Whenever I pass a shop selling unrefined energy bars, I just can’t help but buy one. When it came to making them myself, I was shocked at how much sugar was in them. Unrefined or no, these bars may as well have been flapjacks. So, I blitzed up some dates into a purée, and got the amount of syrups down from an eye watering 200g to 75g. I think the results are delicious, and a healthy way to get your mid-afternoon sugar fix.
Clean Energy Bars (makes 12)
- Dry ingredients:
- 150g oats
- 70g rye flakes, ground to a flour in a food processor
- 170g mixed seeds eg chia sesame, sunflower, pumpkin, linseeds
- 70g flaked almonds
- 100g raisins cranberries, sultanas, or goji berries
- 2 tbsp unsalted, pistachios
- 100g chopped dates
- 100g coconut oil, melted
- 5 tbsp honey, maple or agave syrup
Preheat oven to gas mark 3/ 160’C. Line a 20cm x 20cm tin with greaseproof paper.

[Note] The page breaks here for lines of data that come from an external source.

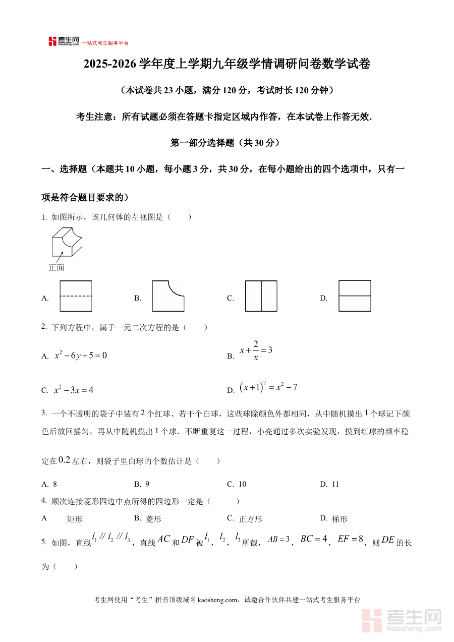 《精品解析:辽宁省沈阳市苏家屯区2025-2026学年九年级上学期期末数学试卷(原卷版)》是针对辽宁省沈阳市苏家屯区2025-2026学年九年级上学期期末数学考试的专属备考资料,精准匹配该地区该学年九年级上学期的期末数学检测场景,为相关教学与学习活动提供针对性的资源支撑。
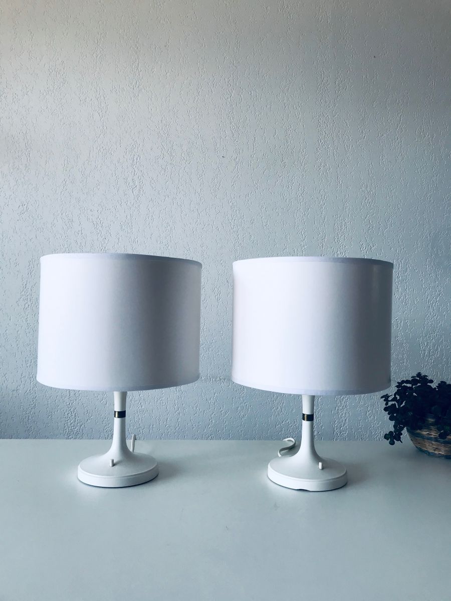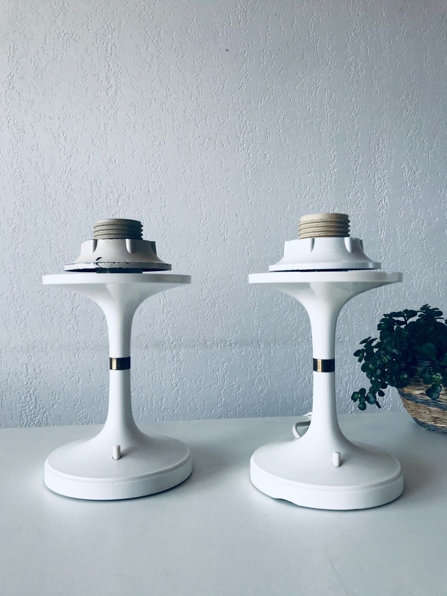 Jolie paire de lampe vintage ERCO des années 60. Le pied de ces lampes, en forme de diabolo, est très caractéristique des années 60. Il est en Bakélite blanc avec au milieu un anneau en laiton doré. Les abat-jours de forme tambour sont en papier cartonné blanc mat.
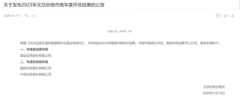 昨日,北交所发布2023年做市商年度评价结果。根据《北京证券交易所股票做市交易业务指引》,国金证券、国投证券、中信证券等荣获2023“年度最佳做市商”、“年度优秀做市商”。
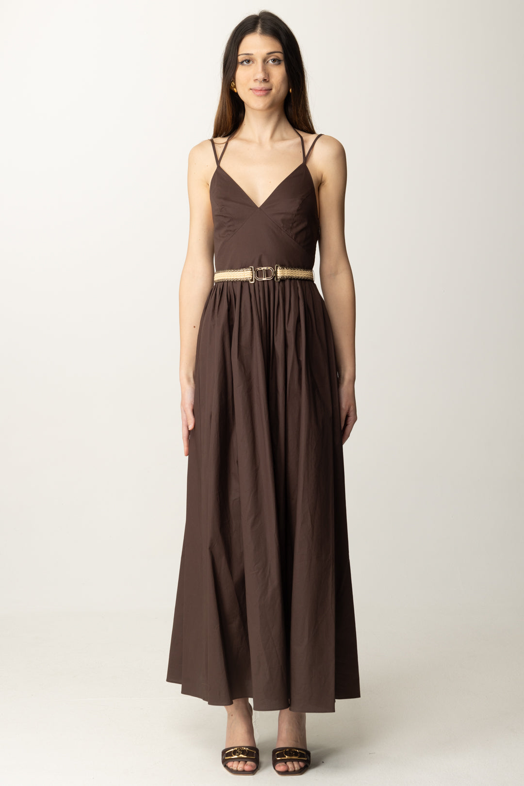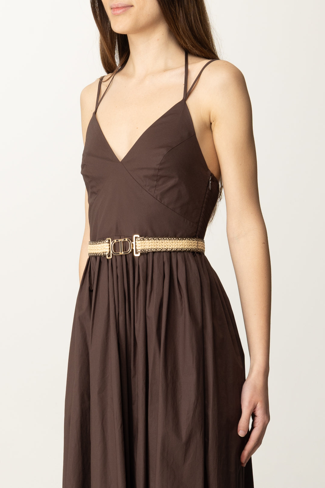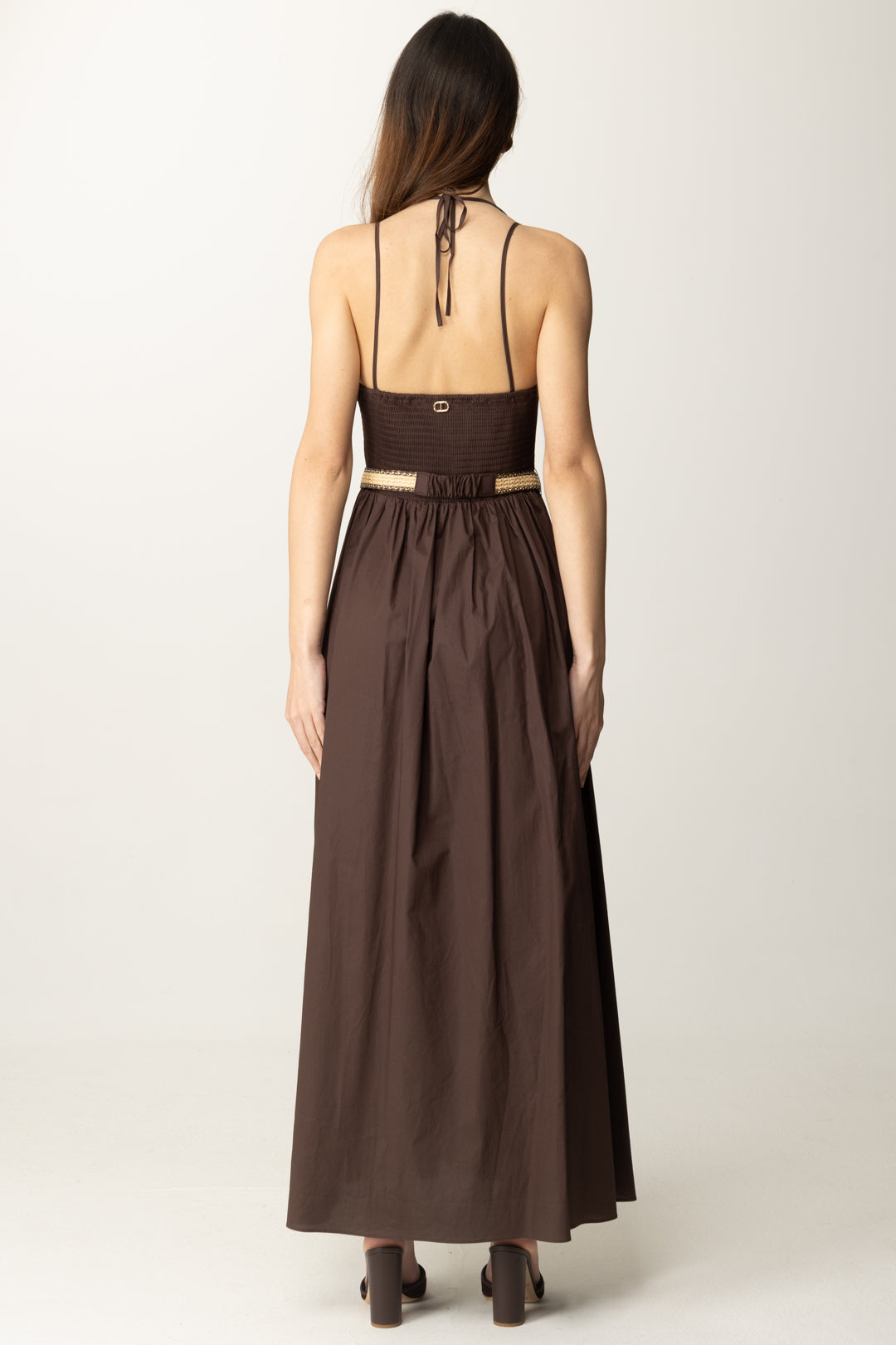 Vibes estivales para este abito lungo Twinset en popelina de algodón, que tiene su particularidad en el juego de las dobles tirantes, de las cuales un par se atan al cuello. Cintura rematada con cinturón con logo, un conjunto despreocupado para momentos que lo sean igualmente, ¡como requiere la temporada!

Lightly blizt each of the dry ingredients, except for the berries, in a food processor individually, but not too much so as to retain texture. Combine in a bowl and set aside.
Now purée the dates in the blender, loosening with a tablespoon or two of water. Place the date purée in a large pan over a low heat. Slowly add the coconut oil until it has mixed in. Repeat with the honey or syrup. Stir in all the dry ingredients until thoroughly combined.
Pour into the tin, smoothing and compressing the mix out. Bake for 25-35 minutes, checking to avoid the mixture browning too much. Allow to cool before removing and cutting into bars.